[PATCH] Logical decoding of TRUNCATE
Hi,
This patch implements support for TRUNCATE statements
in logical replication. The work has mainly done by Simon Riggs then
finished by me. Tests are written by me.
TRUNCATE is treated as a form of DELETE for the purpose of deciding
whether to publish, or not.
The "TRUNCATE behavior when session_replication_role = replica"[1]https://commitfest.postgresql.org/16/1447/ patch
is required from this patch to work correctly with tables referenced by
foreign keys.
[1]: https://commitfest.postgresql.org/16/1447/
Regards,
Marco
--
Marco Nenciarini - 2ndQuadrant Italy
PostgreSQL Training, Services and Support
marco.nenciarini@2ndQuadrant.it | www.2ndQuadrant.it
Attachments:
logical_decode_truncate.v10.patchtext/plain; charset=UTF-8; name=logical_decode_truncate.v10.patch; x-mac-creator=0; x-mac-type=0Download+498-48
Hi,
On 2017-12-29 14:15:22 +0100, Marco Nenciarini wrote:
This patch implements support for TRUNCATE statements
in logical replication. The work has mainly done by Simon Riggs then
finished by me. Tests are written by me.TRUNCATE is treated as a form of DELETE for the purpose of deciding
whether to publish, or not.
It'd be good if you explained exactly what the chosen behaviour is, and
why that's the right behaviour in comparison to other alternatives.
- Andres
Hi,
Il 29/12/17 20:55, Andres Freund ha scritto:
Hi,
On 2017-12-29 14:15:22 +0100, Marco Nenciarini wrote:
This patch implements support for TRUNCATE statements
in logical replication. The work has mainly done by Simon Riggs then
finished by me. Tests are written by me.TRUNCATE is treated as a form of DELETE for the purpose of deciding
whether to publish, or not.It'd be good if you explained exactly what the chosen behaviour is, and
why that's the right behaviour in comparison to other alternatives.
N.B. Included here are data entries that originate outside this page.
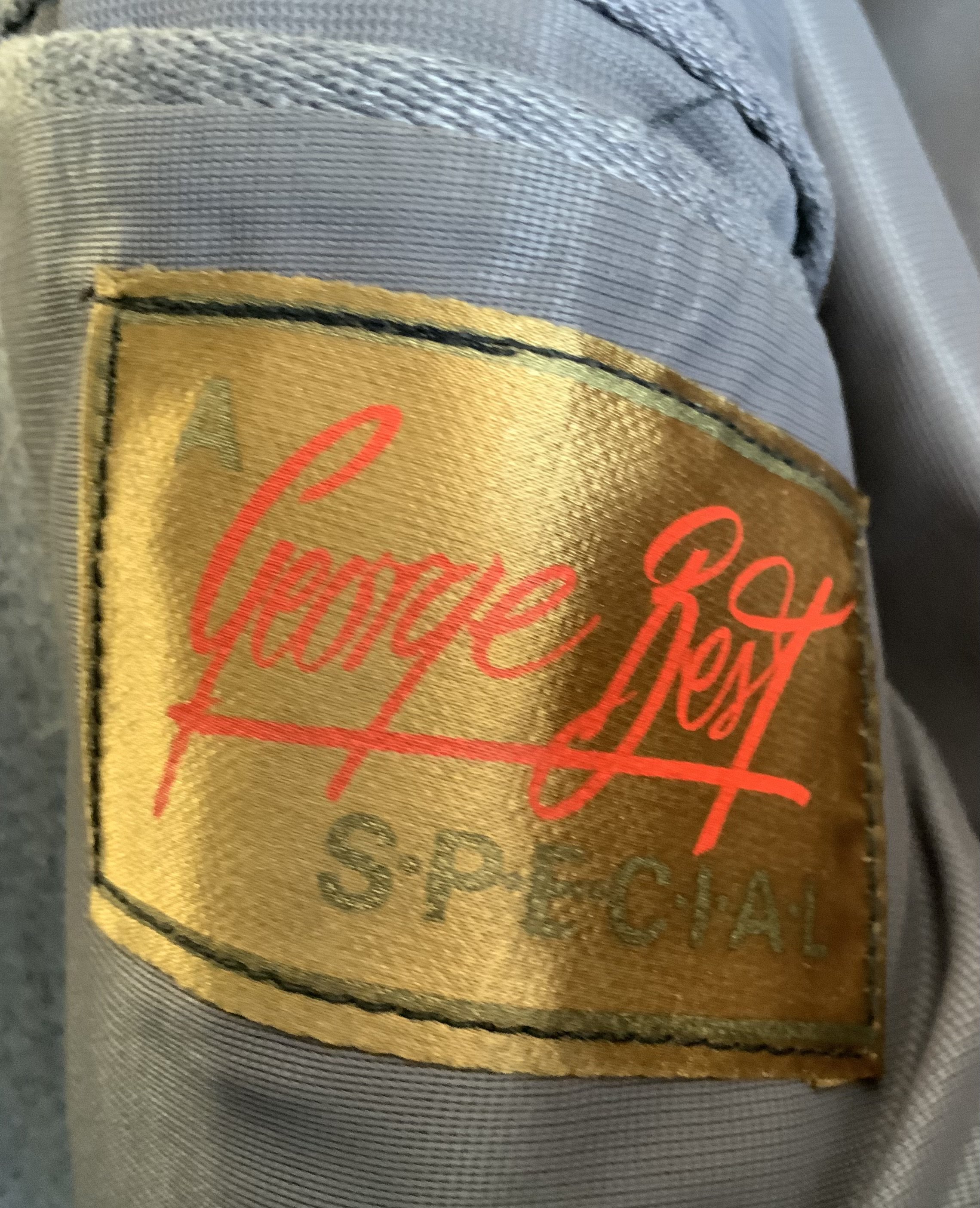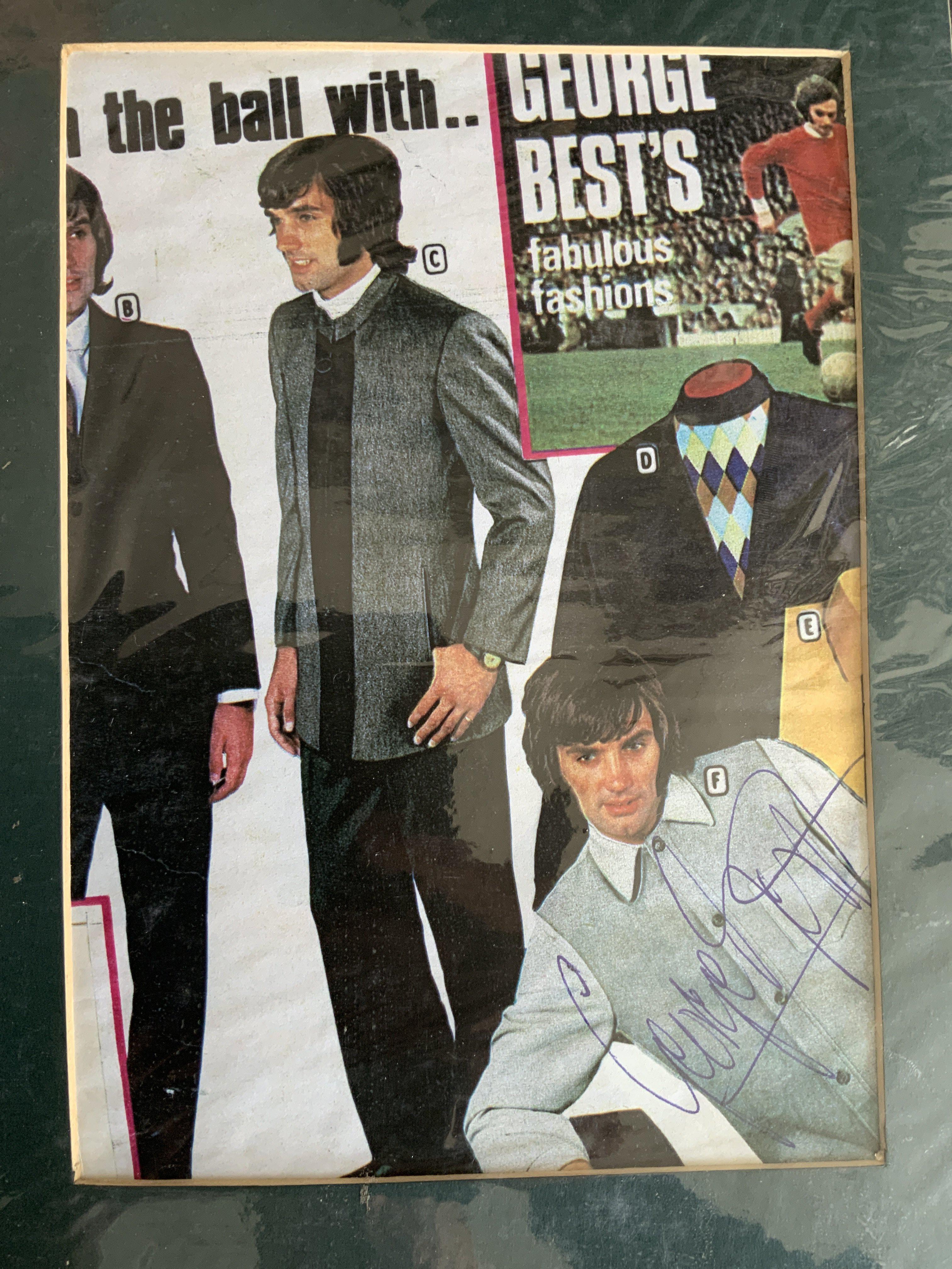 George Best (Manchester United) Shop Jacket + Signed Advert: Stunning grey 1960s unused jacket and picture of Best wearing this style on an advert which he has signed. Inside label reads George Best Special. No size given but possibly medium in wool and polyester.
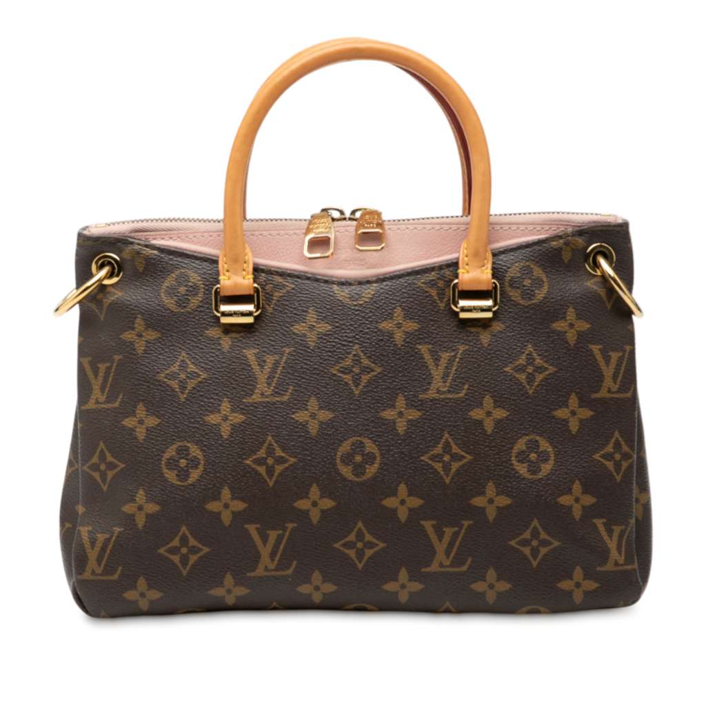 The Pallas satchel features a monogram canvas body with leather trim, rolled vachetta leather handles, a top zip closure, and interior slip and zip pockets.
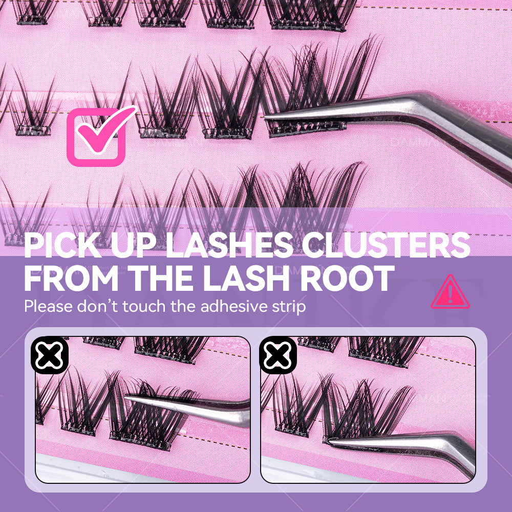 Glue Free Remover Free DIY Lash Clusters D Curl Mix Length 3 Pairs Self Adhesive Eyelash Clusters Wide Band Press On Lash Cluster with Tweezers
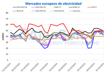 Desde el viernes 25 de octubre los precios promedios diarios del mercado MIBEL para ambos países se han posicionado como los de mayor precio de Europa, siendo superiores a los del mercado IPEX de Italia entre 1,89 €/MWh y 5,57 €/MWh. Este aumento en los precios se ha visto condicionado por la baja producción de eólica y solar de estos últimos días.
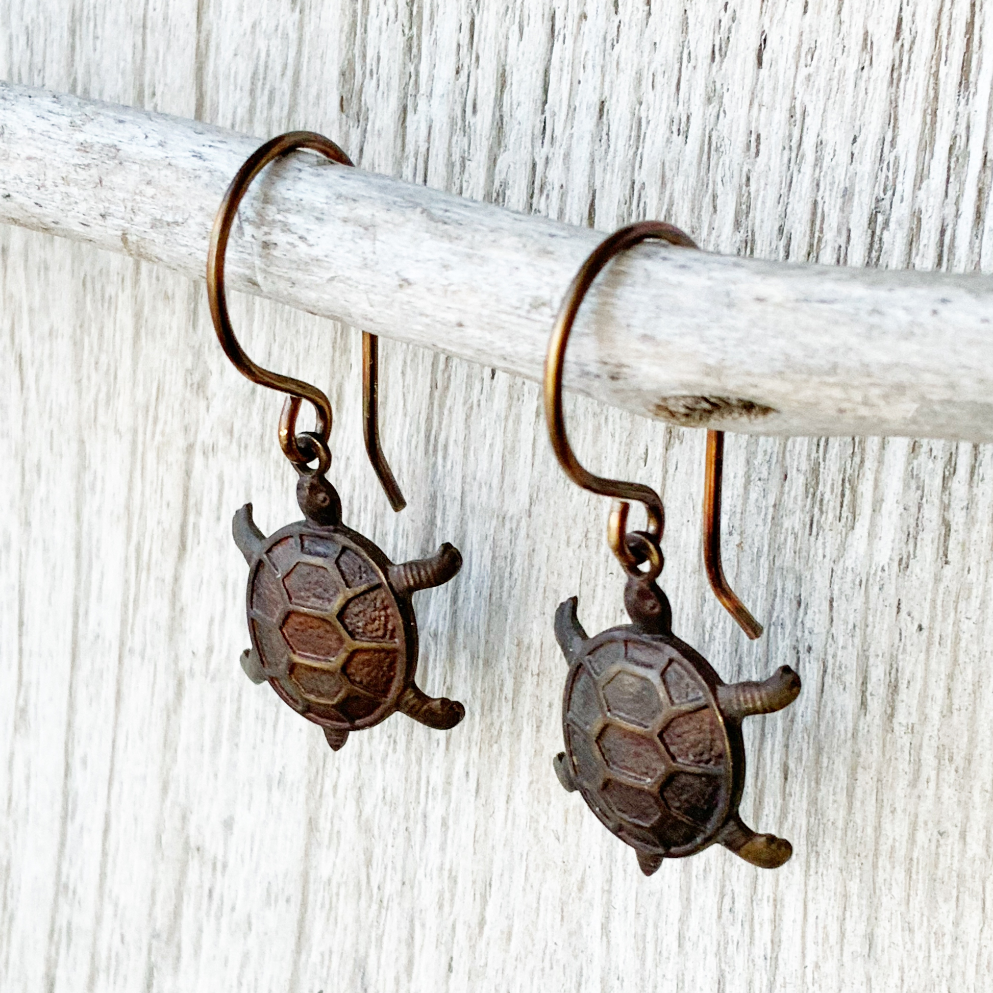 Charming and rustic, these handmade turtle earrings feature hand-patina’d solid brass charms paired with artisan ear wires.
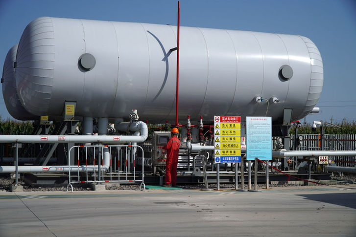 齊魯石化—?jiǎng)倮吞锇偃f噸級(jí)碳捕集、利用與封存項(xiàng)目10號(hào)注氣站,一名工作人員在檢查設(shè)備。記者 徐速繪 攝
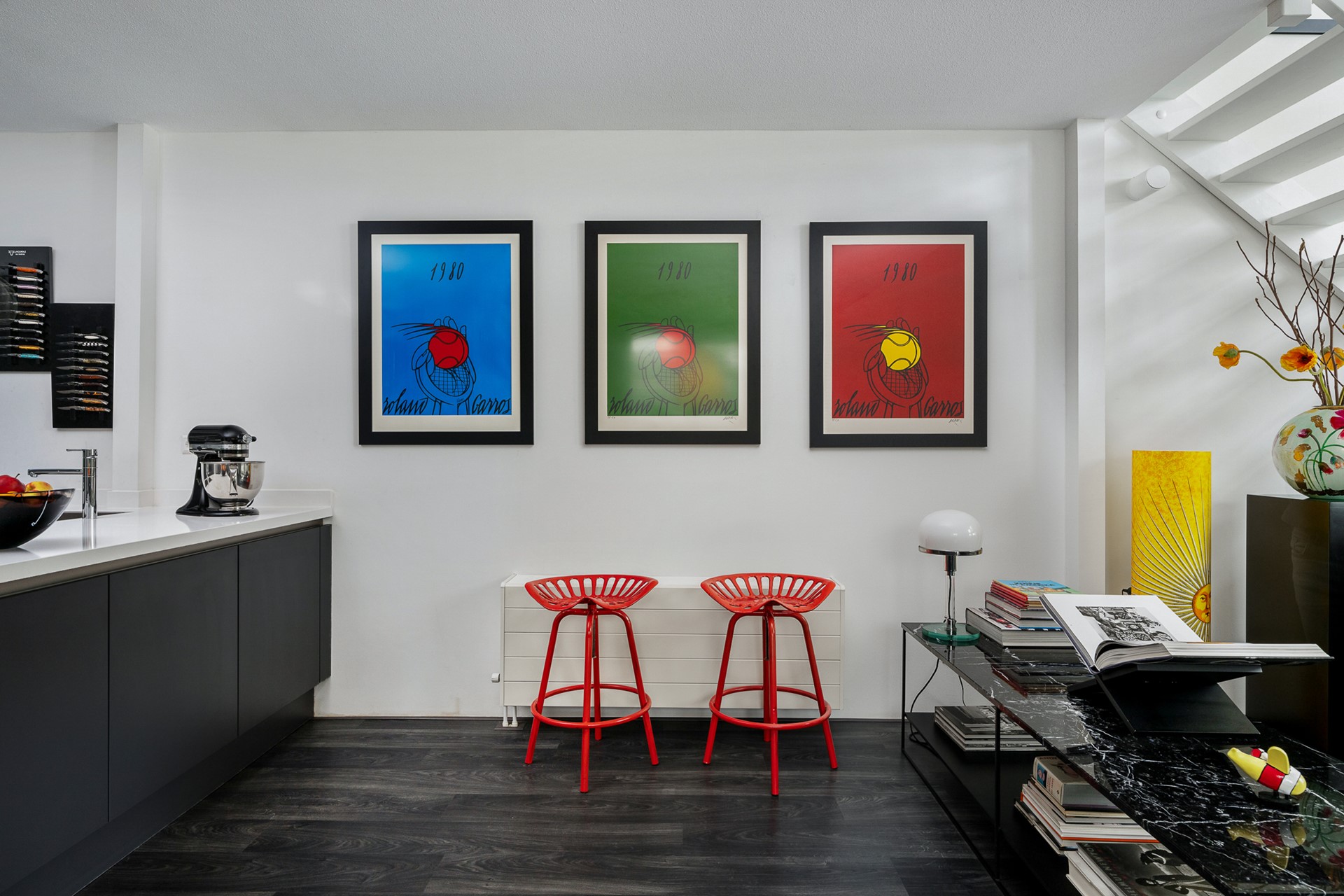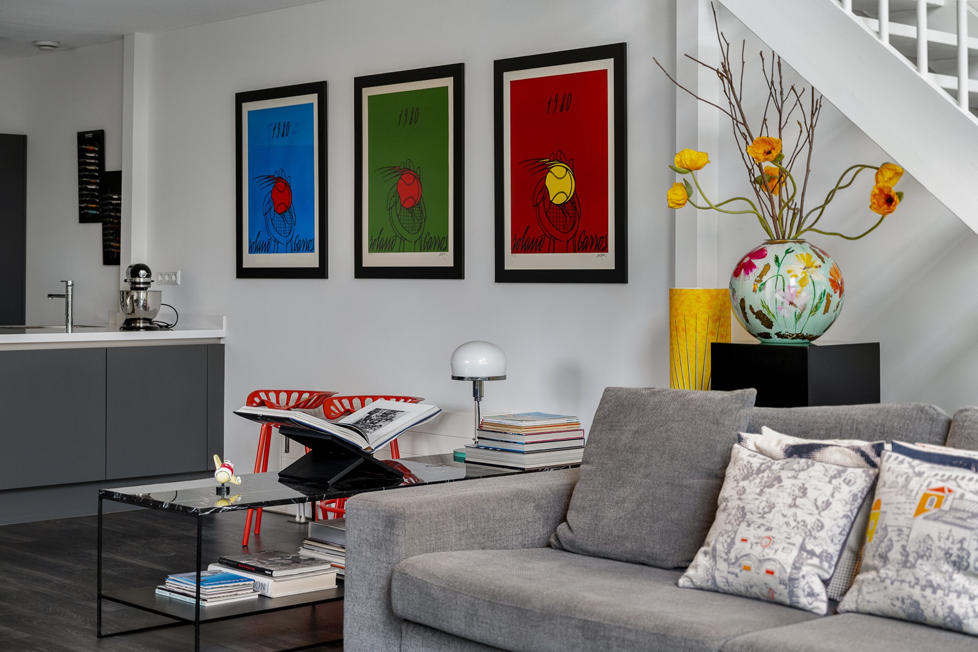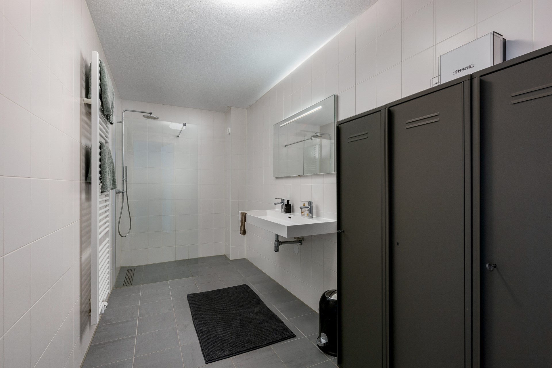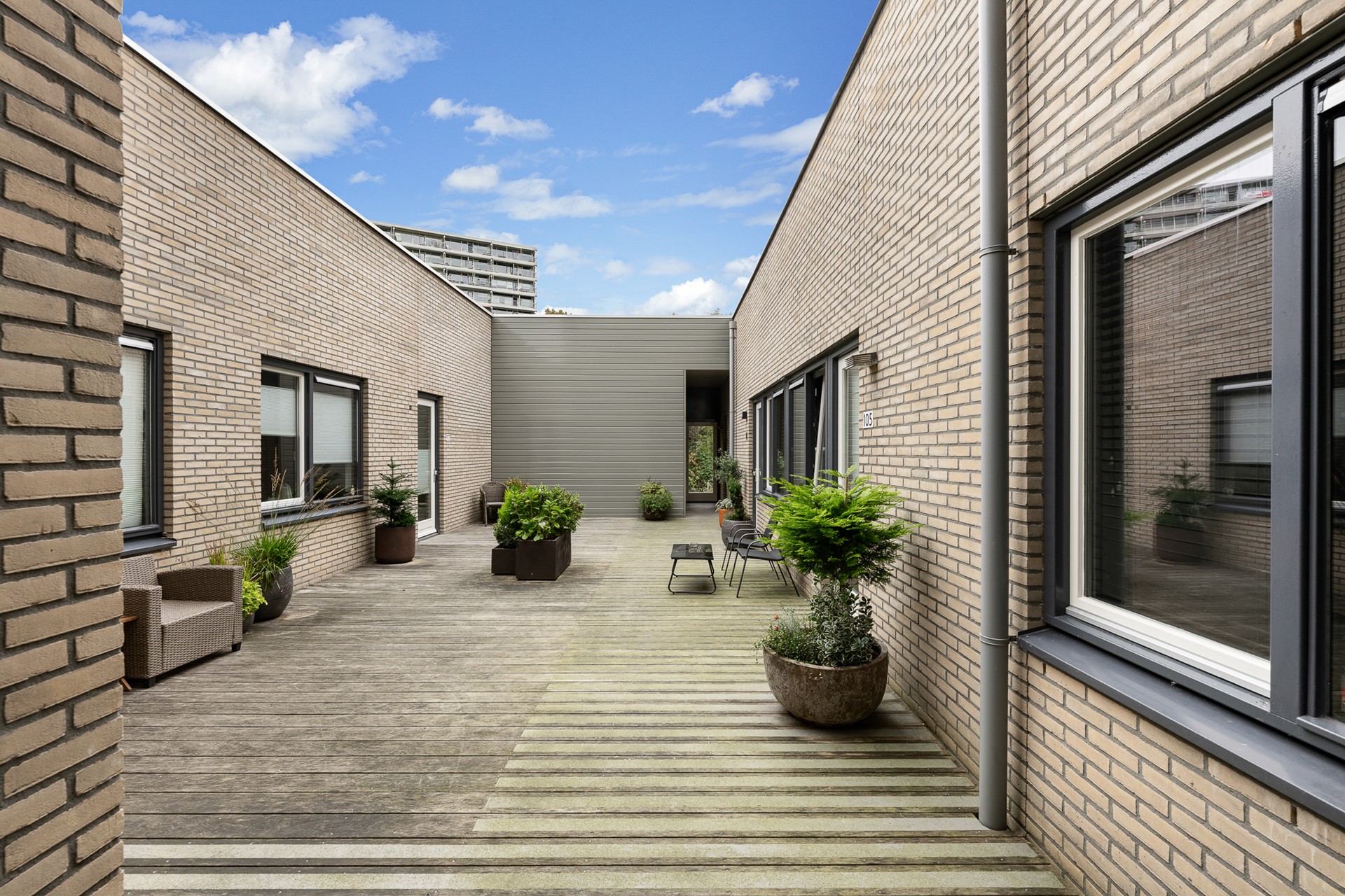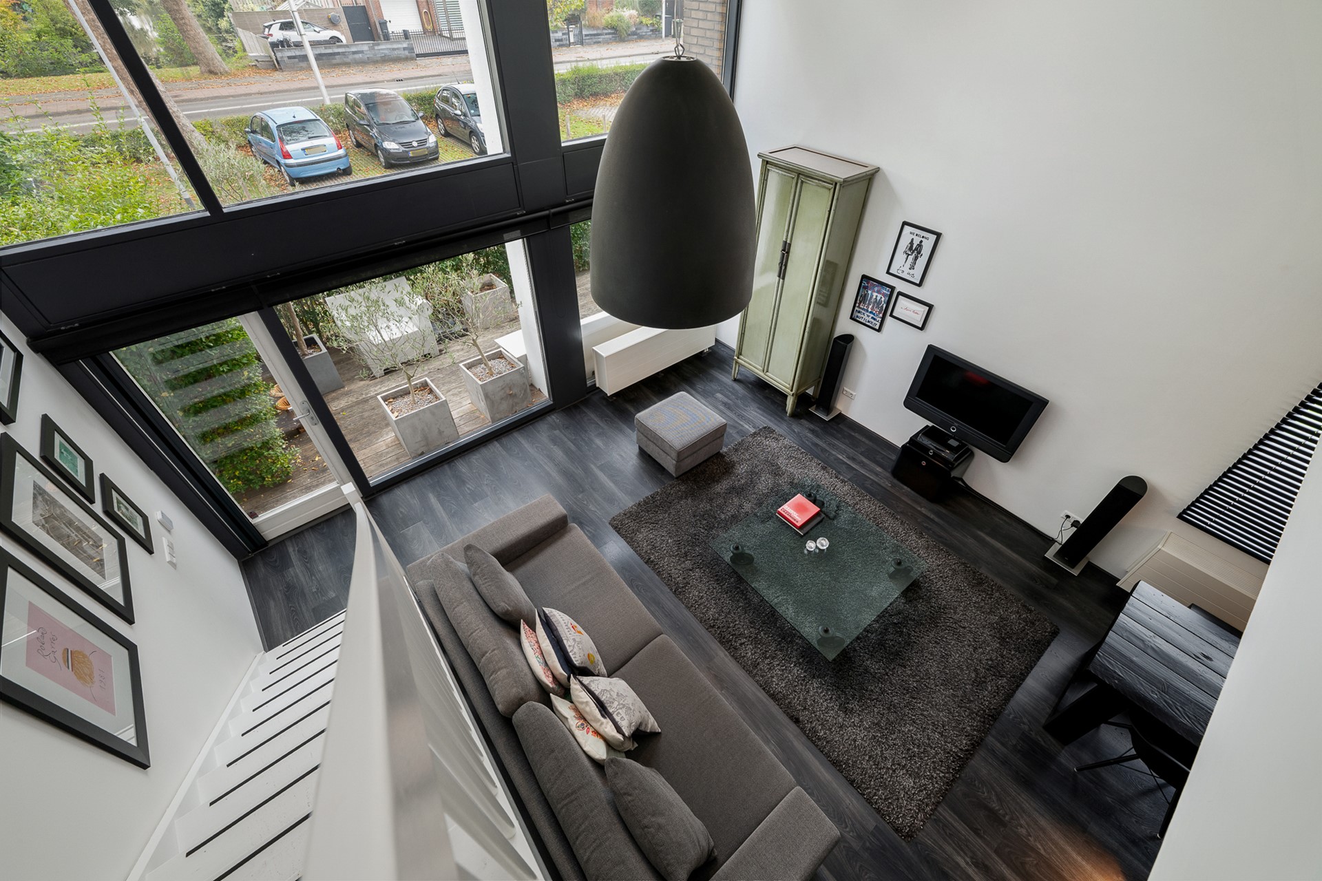 De gunstige hoekligging en grote raampartijen zorgen voor veel daglicht. De woonkamer is een echte blikvanger dankzij het hoge plafond, waarmee de charme van de voormalige gymzaal duidelijk herkenbaar is gebleven. Vanuit de woonkamer heb je toegang tot het terras, dat tevens een doorgang biedt naar de parkeerplaatsen.
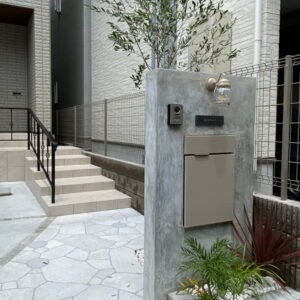 14. 大阪府大阪市 ナチュラルモダンモルタル仕上げの門柱
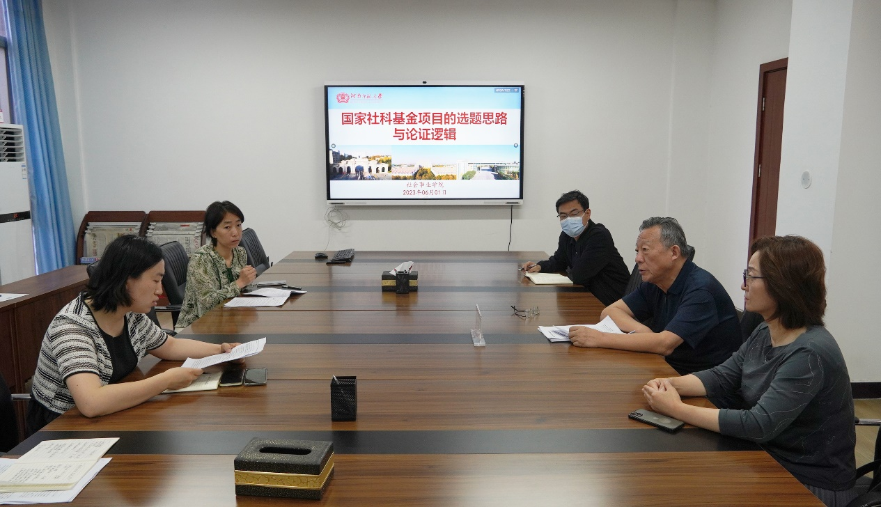 童星围绕选题、实地调查的可实施性、学科特色等方面对学院教师申报的国家社科基金项目选题进行点评,并详细指出了在项目概念、具体实例、评价指标、内容用词等方面需要调整完善的地方。他表示在申报国家社科基金项目时,要精准定位指标体系,明确选报方向和准确引用文献,突出选题和研究内容的创新性、独特性。会上,童星与师生进行互动,就所提问题进行专业解答,现场气氛热烈,师生受益匪浅。

here is the description of how the patch works:
* A new WAL record type has been added (XLOG_HEAP_TRUNCATE) to allow a
precise logical decoding of the TRUNCATE operation. It contains the
TRUNCATE flags and the list of the involved tables and sequences. It is
treated as a NO-OP during the WAL reply as all the physical operations
are logged in SMGR WAL records.
* A new TRUNCATE message has been added to the logical protocol. It
carries the information about the truncation of one single table
specifying if CASCADE or RESTART IDENTITY has been specified.
* The ExecuteTruncateGuts function has been extracted from
ExecuteTruncate. This function is used by the logical apply process to
replicate the TRUNCATE operations, honouring the eventual CASCADE and
RESTART IDENTITY flag.
Regards,
Marco
--
Marco Nenciarini - 2ndQuadrant Italy
PostgreSQL Training, Services and Support
marco.nenciarini@2ndQuadrant.it | www.2ndQuadrant.it
On 29 December 2017 at 19:55, Andres Freund <andres@anarazel.de> wrote:
Hi,
On 2017-12-29 14:15:22 +0100, Marco Nenciarini wrote:
This patch implements support for TRUNCATE statements
in logical replication. The work has mainly done by Simon Riggs then
finished by me. Tests are written by me.TRUNCATE is treated as a form of DELETE for the purpose of deciding
whether to publish, or not.It'd be good if you explained exactly what the chosen behaviour is, and
why that's the right behaviour in comparison to other alternatives.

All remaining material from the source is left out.